Data section START

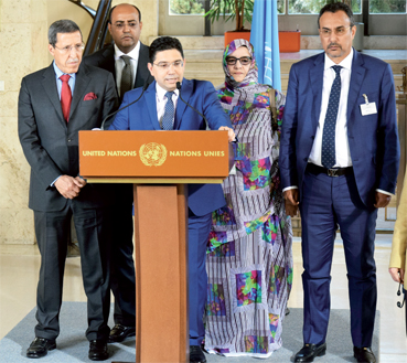 A l’issue de la 2e table ronde sur le dossier du Sahara, tenue jeudi et vendredi derniers à Genève, Nasser Bourita a insisté sur le référentiel déterminant la position marocaine, précisant que «les expressions indépendance ou référendum n’existent pas» (Ph. MAP)
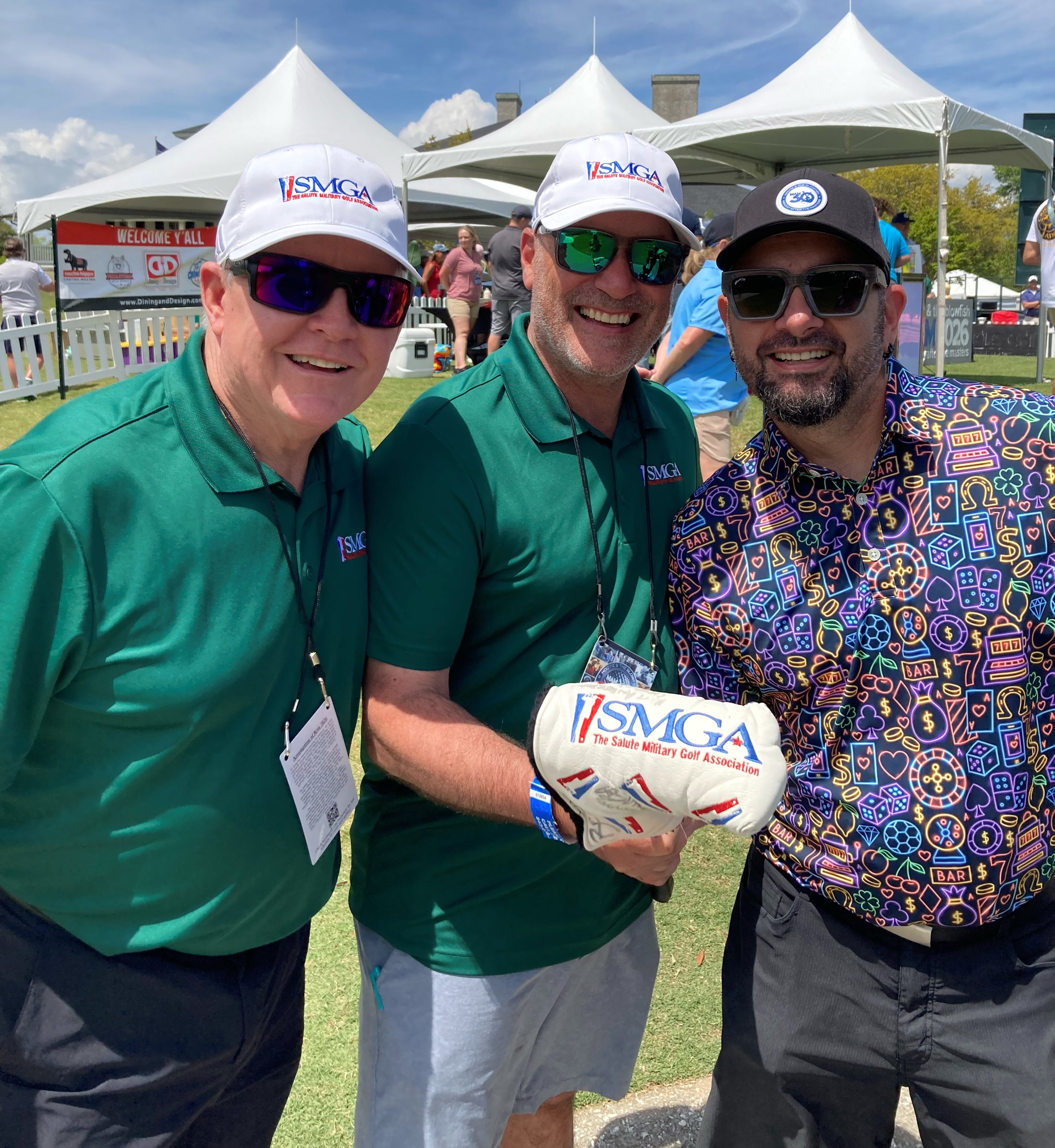 Pictured left to right: Salute Military Golf Association (SMGA) Donor Tom Manix, SMGA Founder Jamie Winslow, and N*SYNC’s Chris Kirkpatrick supporting wounded veterans at ...
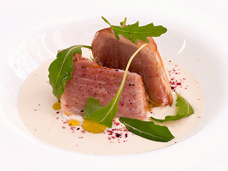 En esta receta el bonito se sirve prácticamente crudo, solo cocinaremos ligeramente la superficie. Cuando se ingiere pescado crudo, se corre el riesgo de contraer una infección por anisakis, un parásito que puede ocasionar enfermedades graves. La única forma de evitar problemas es congelarlo entre 48 y 72 horas, o una semana si queremos estar completamente seguros.

Data section END

== Work to be completed ==
Leave out the pictures and repeat exactly the lines from the first line of the data through the line containing "Pictured left to". Add nothing else.

== The answer ==
 A l’issue de la 2e table ronde sur le dossier du Sahara, tenue jeudi et vendredi derniers à Genève, Nasser Bourita a insisté sur le référentiel déterminant la position marocaine, précisant que «les expressions indépendance ou référendum n’existent pas» (Ph. MAP)
 Pictured left to right: Salute Military Golf Association (SMGA) Donor Tom Manix, SMGA Founder Jamie Winslow, and N*SYNC’s Chris Kirkpatrick supporting wounded veterans at ...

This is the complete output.